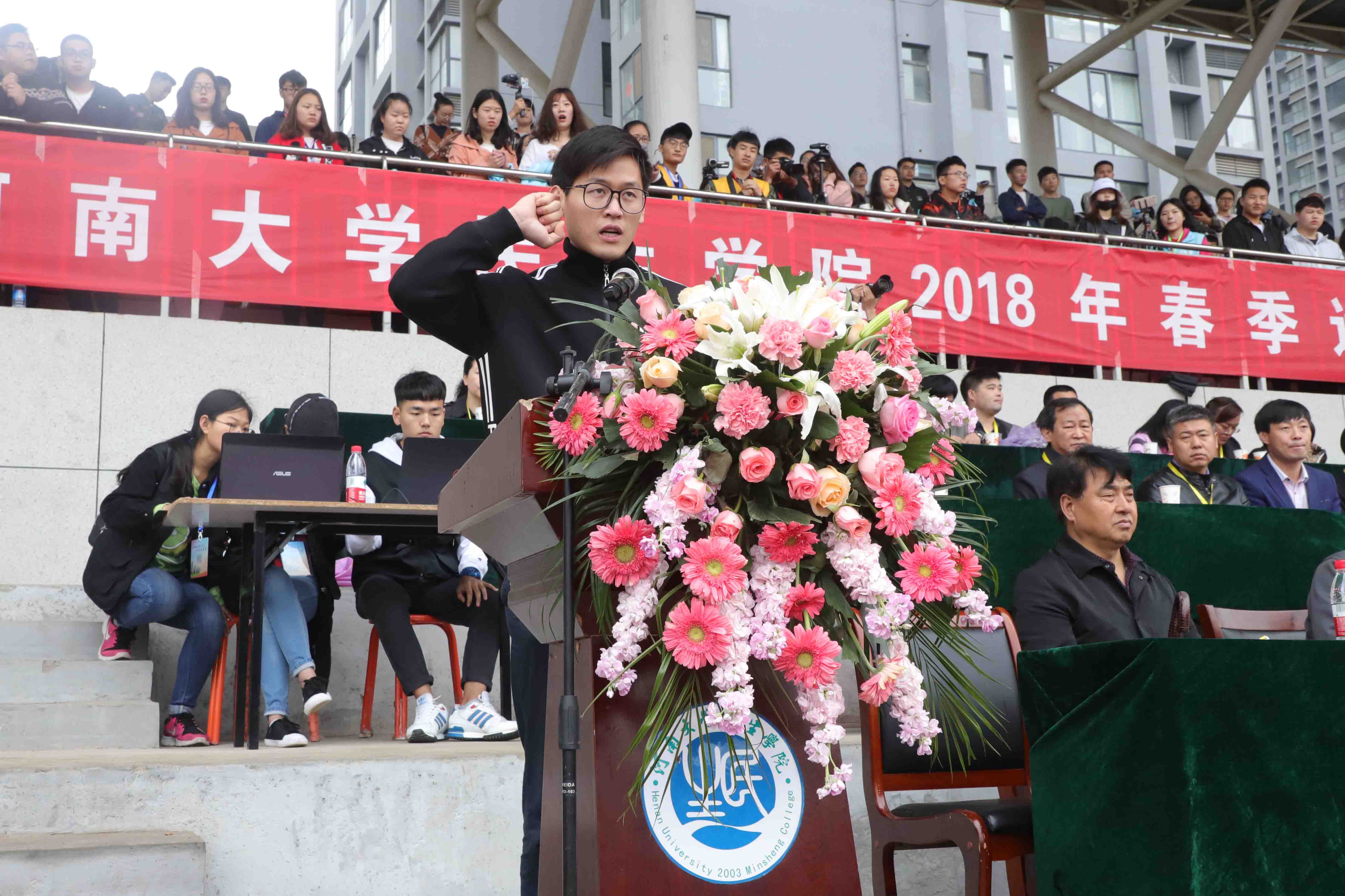 王庆礼宣布河南大学民生学院2018年春季运动会开幕。
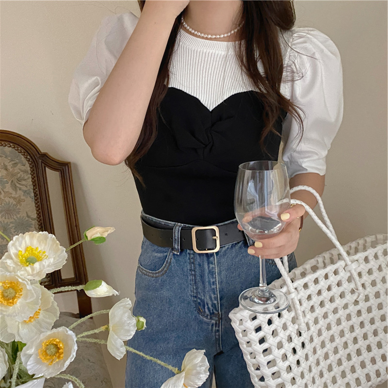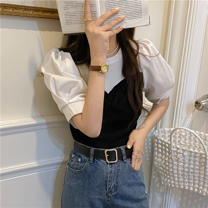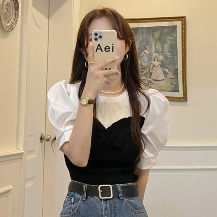 大码胖妹妹假两件泡泡短袖T恤女夏季新款修身显瘦设计感小众上衣
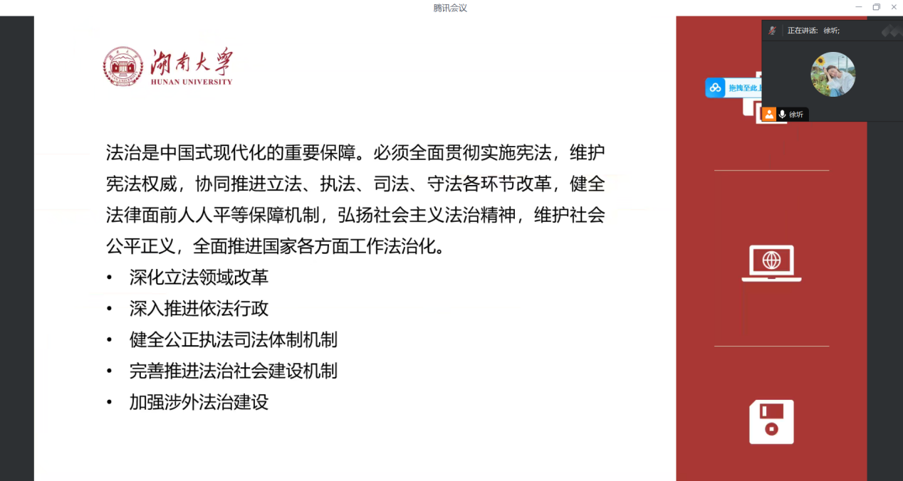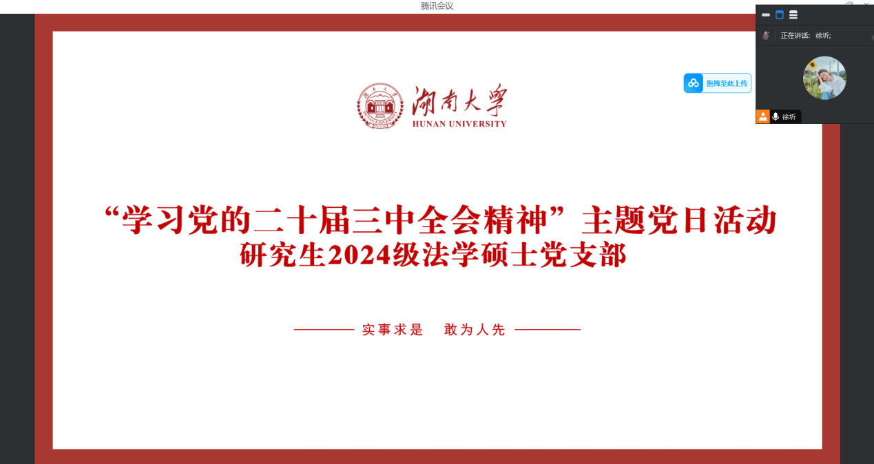 为深入学习贯彻党的二十届三中全会精神,引领广大青年党员深刻领会全会提出的各项战略目标与决策部署,坚定对进一步全面深化改革、推进中国式现代化的信心和决心,英国365集团公司研究生2024级法学硕士党支部于9月22日通过线上会议的形式,开展了“学习党的二十届三中全会精神”主题党日活动。活动由党支部书记徐圻主持,支部全体党员同志参加。

▸ **Problem statement**
Transcribe exactly the lines from the one holding "大码胖妹妹假两件泡泡短袖T恤女夏季新款修身显瘦设计感小众上衣" through the final line of the material above, both ends included; any pictures should be dropped.

▸ **Task output**
 大码胖妹妹假两件泡泡短袖T恤女夏季新款修身显瘦设计感小众上衣
 为深入学习贯彻党的二十届三中全会精神,引领广大青年党员深刻领会全会提出的各项战略目标与决策部署,坚定对进一步全面深化改革、推进中国式现代化的信心和决心,英国365集团公司研究生2024级法学硕士党支部于9月22日通过线上会议的形式,开展了“学习党的二十届三中全会精神”主题党日活动。活动由党支部书记徐圻主持,支部全体党员同志参加。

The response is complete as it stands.